Configuration for GEN3C inference with optimized defaults.

Functions¶

fastvideo.configs.pipelines.gen3c.t5_large_postprocess_text ¶

t5_large_postprocess_text(outputs: BaseEncoderOutput) -> Tensor

Postprocess T5 Large text encoder outputs for GEN3C pipeline.

Return raw last_hidden_state without truncation/padding.

Source code in fastvideo/configs/pipelines/gen3c.py

def t5_large_postprocess_text(outputs: BaseEncoderOutput) -> torch.Tensor:
    """Postprocess T5 Large text encoder outputs for GEN3C pipeline.

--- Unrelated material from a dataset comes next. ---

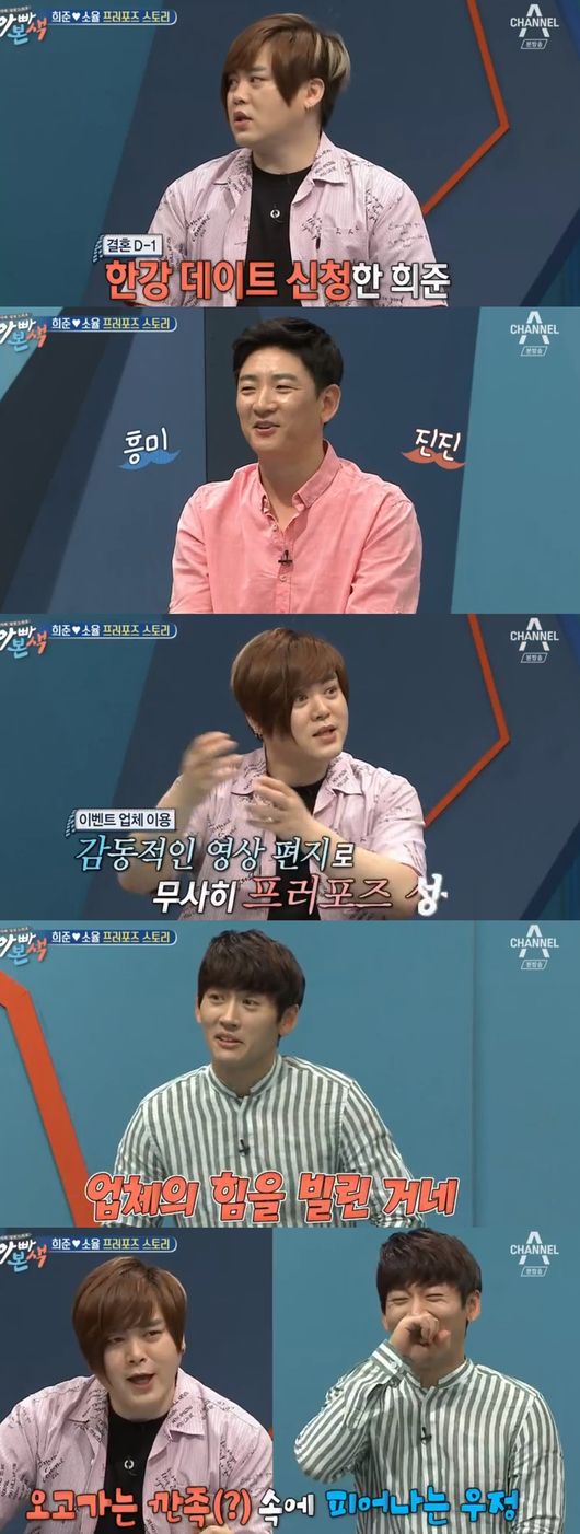 문희준이 결혼 하루 전날 프로포즈를 했다고 털어놨다. 이에 반해 홍지민은 정식으로 프로포즈를 받지 못했다며 서운한 속내를 전했다.
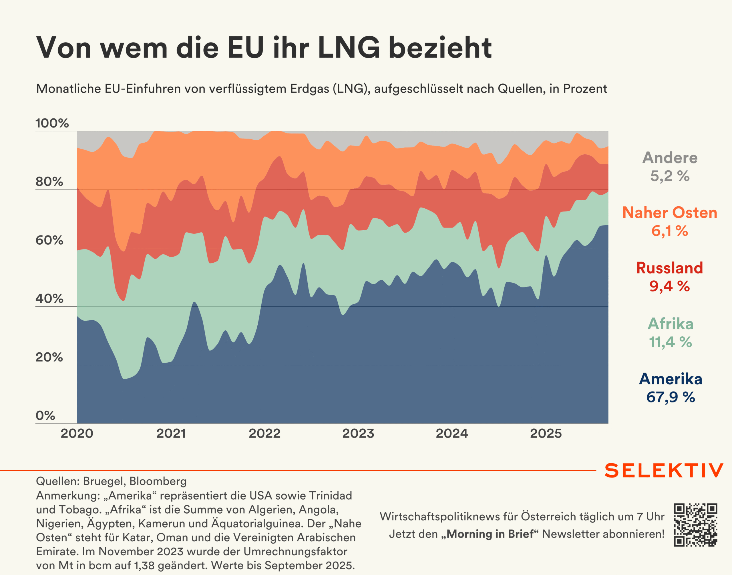 🇪🇺 Katar und USA drohen aufgrund Lieferkettenrichtlinie mit LNG-Stopp. Die Energieminister von Katar und den USA haben in einem offenen Brief festgehalten, dass die Lieferkettenrichtlinie (CSDDD) ein „erhebliches Risiko für die Erschwinglichkeit und Zuverlässigkeit der kritischen Energieversorgung für Haushalte und Unternehmen in ganz Europa“ darstellt. Die Richtlinie würde zu „höheren Energie- und Rohstoffpreisen führen und sich negativ auf Investitionen und Handel auswirken“, so das gemeinsame Statement von Chris Wright und Saad al-Kaabi weiter. Bereits letzte Woche hatte al-Kaabi gegenüber Reuters festgehalten, dass Katar die EU nicht mit LNG versorgen kann, so die CSDDD nicht deutlich aufgeweicht oder ganz abgeschafft wird. Die im Rahmen der Omnibus-Simplifizierungen abgeänderten Entwürfe zu den Nachhaltigkeits- und Lieferkettengesetzen wurde vom Europäischen Parlament gestern knapp abgelehnt, somit muss am 13. November erneut darüber abgestimmt werden. [Quellen: Qatar News Agency, Reuters, EU-Parlament | Reaktionen: SPÖ, ÖVP, ÖGB | Interview: „Sind systematisch dabei, unsere globalen Gasanbieter zu reduzieren“]

    Return raw last_hidden_state without truncation/padding.
    """
    hidden_state = outputs.last_hidden_state

    if hidden_state is None:
        raise ValueError("T5 Large outputs missing last_hidden_state")

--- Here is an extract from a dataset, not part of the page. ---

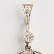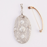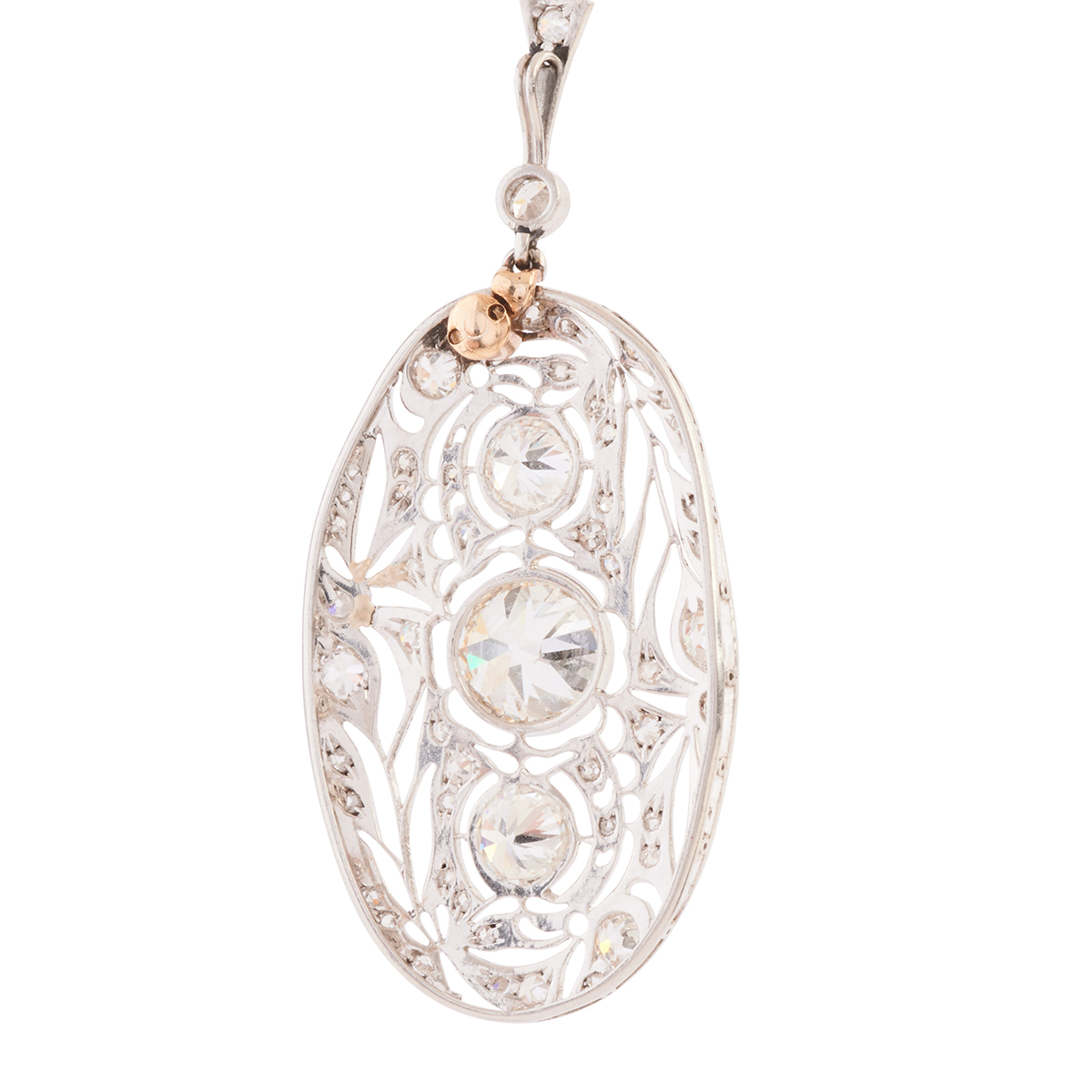 Centering one old European-cut diamond measuring approximately 7.9 x - 7.82 x 5.8 mm and weighing approximately 2.18 cts., flanked by two old European-cut diamonds weighing a total of approximately 1.00 cttw., further accented by old round-cut and rose-cut diamonds weighing a total of approximately 0.35 cttw., set in a platinum filigree mounting measuring approximately 52 x 23 mm. Total diamond weight is approximately 3.53 cttw.

    nan_count = torch.isnan(hidden_state).sum()
    if nan_count > 0:
        hidden_state = hidden_state.masked_fill(torch.isnan(hidden_state), 0.0)

    # Zero out embeddings beyond actual sequence length (vectorized)
    if outputs.attention_mask is not None:
        attention_mask = outputs.attention_mask
        lengths = attention_mask.sum(dim=1)
        max_len = hidden_state.shape[1]
        mask = torch.arange(max_len, device=hidden_state.device)[None, :] >= lengths[:, None]
        hidden_state[mask] = 0.0

    return hidden_state